Engine	Active %	Wall time	Instructions
Vector	96.45%	206 ms	403,039
DMA	26.42%	57 ms	18,935 transfers
Scalar	3.67%	8 ms	16,407
GpSimd	0.010%	22 µs	42,928
Tensor	0.000002%	0.48 µs	21

Total kernel wall time: 214 ms. The 21 Tensor Engine instructions are XLA graph setup overhead, not kernel body.

HBM bandwidth:

Metric	Measured	Analytical prediction
HBM reads	6.58 GB	6.579 GB ✓
HBM writes	1.75 MB	—
Effective read bandwidth	30.8 GB/s	—

Analytical prediction: IC × NOCC × NSTRIP × 2 × P_TILE × NVIR × 4 bytes = 64 × 64 × 4 × 2 × 112 × 448 × 4 = 6,578,757,632 bytes.
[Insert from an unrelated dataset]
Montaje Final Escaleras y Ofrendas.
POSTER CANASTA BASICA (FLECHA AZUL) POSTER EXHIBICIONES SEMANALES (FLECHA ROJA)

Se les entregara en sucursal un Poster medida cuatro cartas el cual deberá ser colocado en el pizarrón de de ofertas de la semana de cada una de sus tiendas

The fusion is working as designed — intermediates are SBUF-resident. The previous 33 GB napkin estimate was for the unfused torch path, where T, Tᵀ, Δ, and the product each round-trip through HBM separately.
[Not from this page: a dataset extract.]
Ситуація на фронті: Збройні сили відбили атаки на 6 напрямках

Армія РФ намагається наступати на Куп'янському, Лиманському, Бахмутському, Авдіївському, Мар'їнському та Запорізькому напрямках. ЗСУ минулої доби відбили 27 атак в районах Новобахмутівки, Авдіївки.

Amdahl decomposition, medium bench (trn1.2xlarge, warm cache):

Step	Torch path	Fused path
GEMM (T_flat = B_chunk @ B_flat.T)	5.2 s	5.2 s
Energy reduction	2.83 s	0.21 s
Energy step total	8.03 s	5.43 s

Energy kernel achieves ~13× on the reduction step alone (2.83 s → 0.21 s). With f = 0.35 (fraction of the torch path that is reduction) and s = 13.5:

speedup = 1 / ((1 − f) + f/s) = 1 / (0.65 + 0.026) ≈ 1.48×

Exact match to the measured result.

What's next¶

Phase 3 RFC — fused GEMM+energy. One NEFF: Tensor Engine computes B_i @ B_j.T, PSUM output flows directly to Vector Engine instructions for the T*(2T−Tᵀ)/Δ chain, scalar partial writes to HBM once per pair. Eliminates the 6.58 GB HBM round-trip. The profiler data now firmly motivates the design.
#26 — GEMM tile-shape autotuner. Measured-best tile per shape replaces the current fixed (128, 128, 512). Independent of Phase 3.
Perfetto artifact. The .pftrace is at /home/ubuntu/profiles/run-1776296734/ on the CI instance. Opening it in ui.perfetto.dev gives instruction-level timeline — relevant if the question of cross-pair pipeline overlap becomes load-bearing in Phase 3 design.
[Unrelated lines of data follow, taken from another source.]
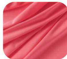
#673474 | IVAFLEX PINK FLUORESCENTE
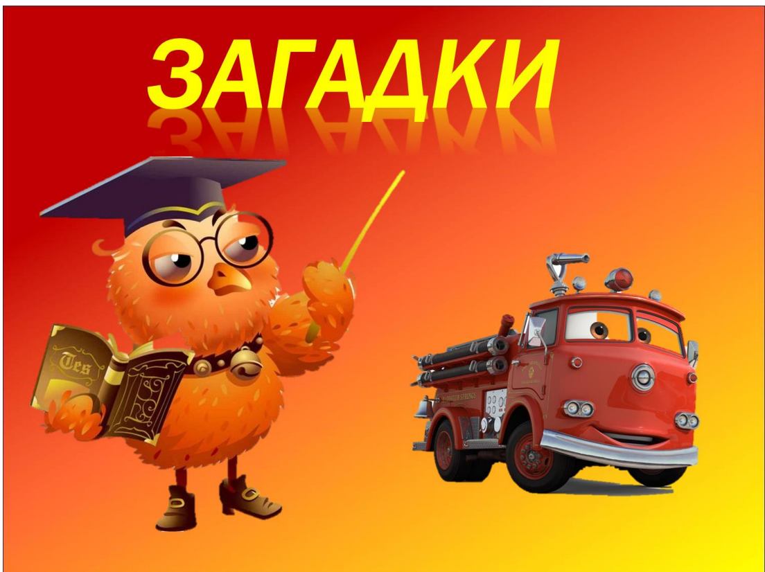
Рис. 8. Слайд 8
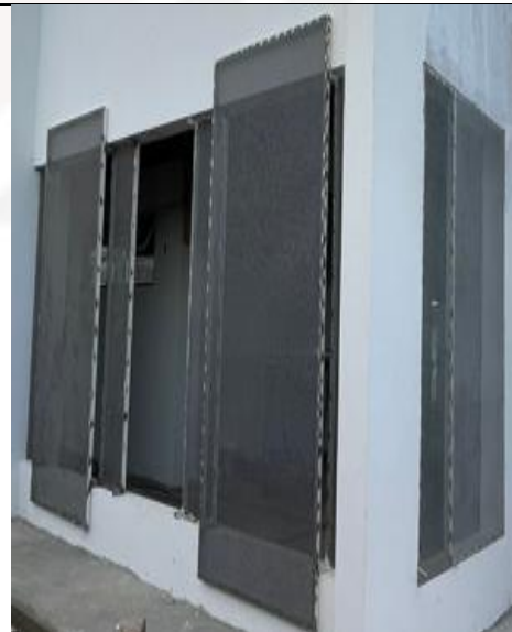
Figura 11: Fixação das esquadrias de chapa de aço perfurada.
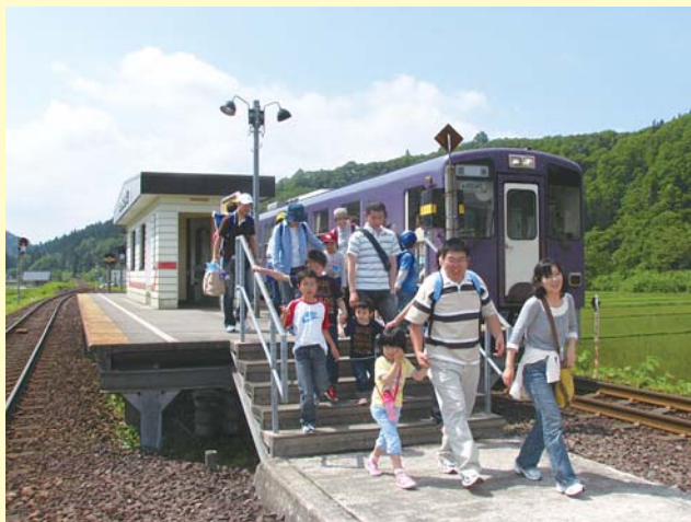
内陸線を利用して“ゆさんこ号”に参加

仙北市を南北に貫く秋田内陸線が、沿線地域の日々の暮らしを支えている生命線であることは間違いありません。特に、少子高齢化が過疎化に拍車をかけている現状にあっては、健康な地域づくりを進めるうえでも内陸線は必要な存在であり、存続は社会保障の一環として捉えることができるのではないのでしょうか。
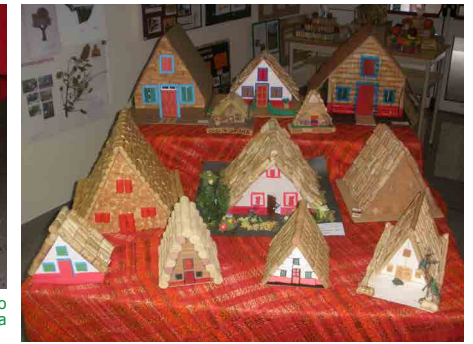
Escola Dr. Horácio Bento de Gouveia | Casas de Santana

Phase tracker: trnsci ROADMAP. The #33 findings doc has the raw JSON profile data and the full analytical derivation.

Takeaway¶

The _mp2_energy_kernel is near-optimal as written: Vector Engine at 96.45% active, HBM reads matching the analytical prediction to the byte, ~13× speedup on the step it owns. The 1.48× overall speedup is not a failure of the kernel — it is an exact Amdahl prediction given that the GEMM accounts for 96% of the fused path's wall time. Four successive tuning hypotheses, all targeting the kernel's own 0.21 s step, could not have moved the 5.43 s total meaningfully; one profiler run established this in an afternoon. The path to 3× was already the right design — Phase 3's fused GEMM+energy kernel — and the profiler data now makes the motivation concrete rather than architectural speculation.